DATASET RECORDS:
○ ○ ○ ○ ○

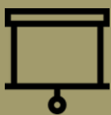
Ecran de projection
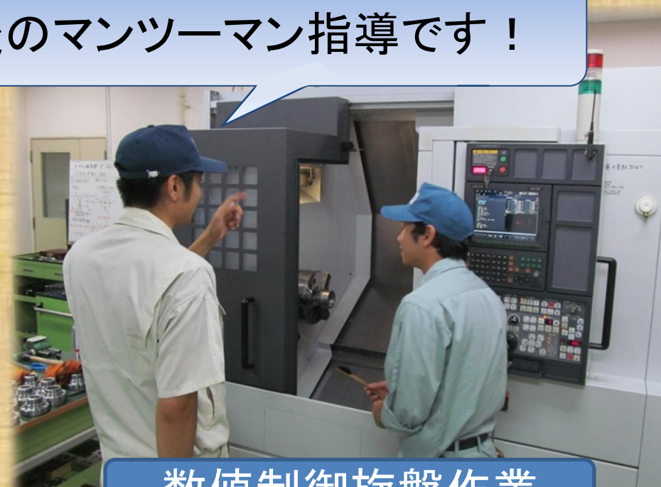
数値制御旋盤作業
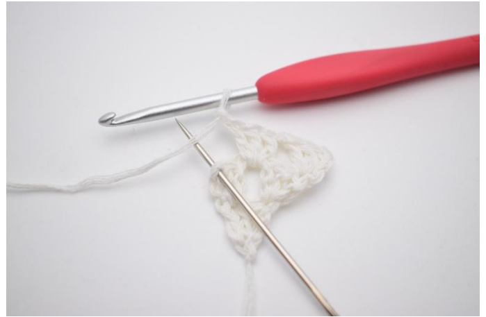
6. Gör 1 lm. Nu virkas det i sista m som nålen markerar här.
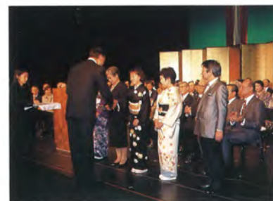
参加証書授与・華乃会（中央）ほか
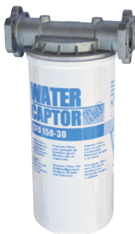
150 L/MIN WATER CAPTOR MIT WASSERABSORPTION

○ ○ ○ ○ ○

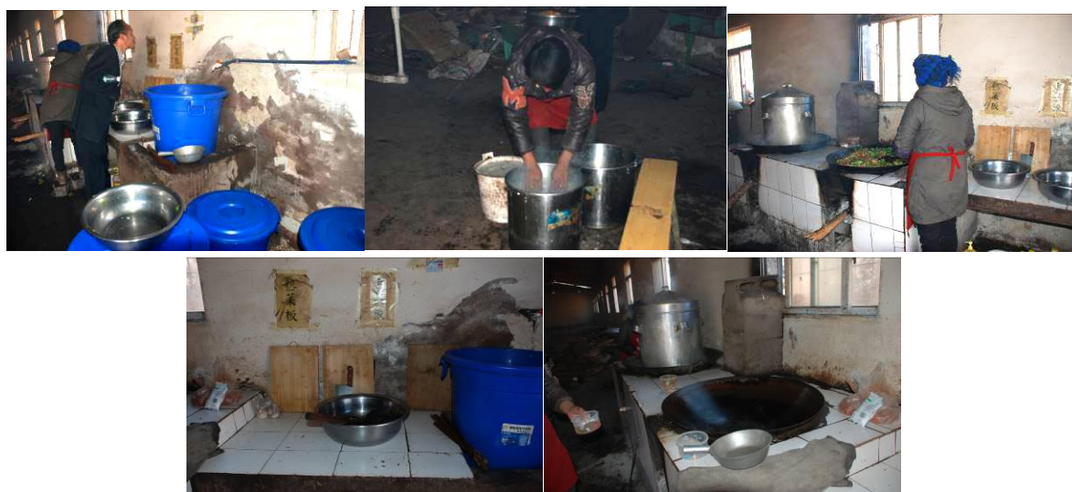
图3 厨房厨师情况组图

○ ○ ○ ○ ○

TASK INSTRUCTIONS: From the line containing "Ecran de projection" through the line containing "150 L/MIN WATER CAPTOR MIT WASSERABSORPTION", copy every line above exactly, without pictures.

YOUR SOLUTION:
Ecran de projection
数値制御旋盤作業
6. Gör 1 lm. Nu virkas det i sista m som nålen markerar här.
参加証書授与・華乃会（中央）ほか
150 L/MIN WATER CAPTOR MIT WASSERABSORPTION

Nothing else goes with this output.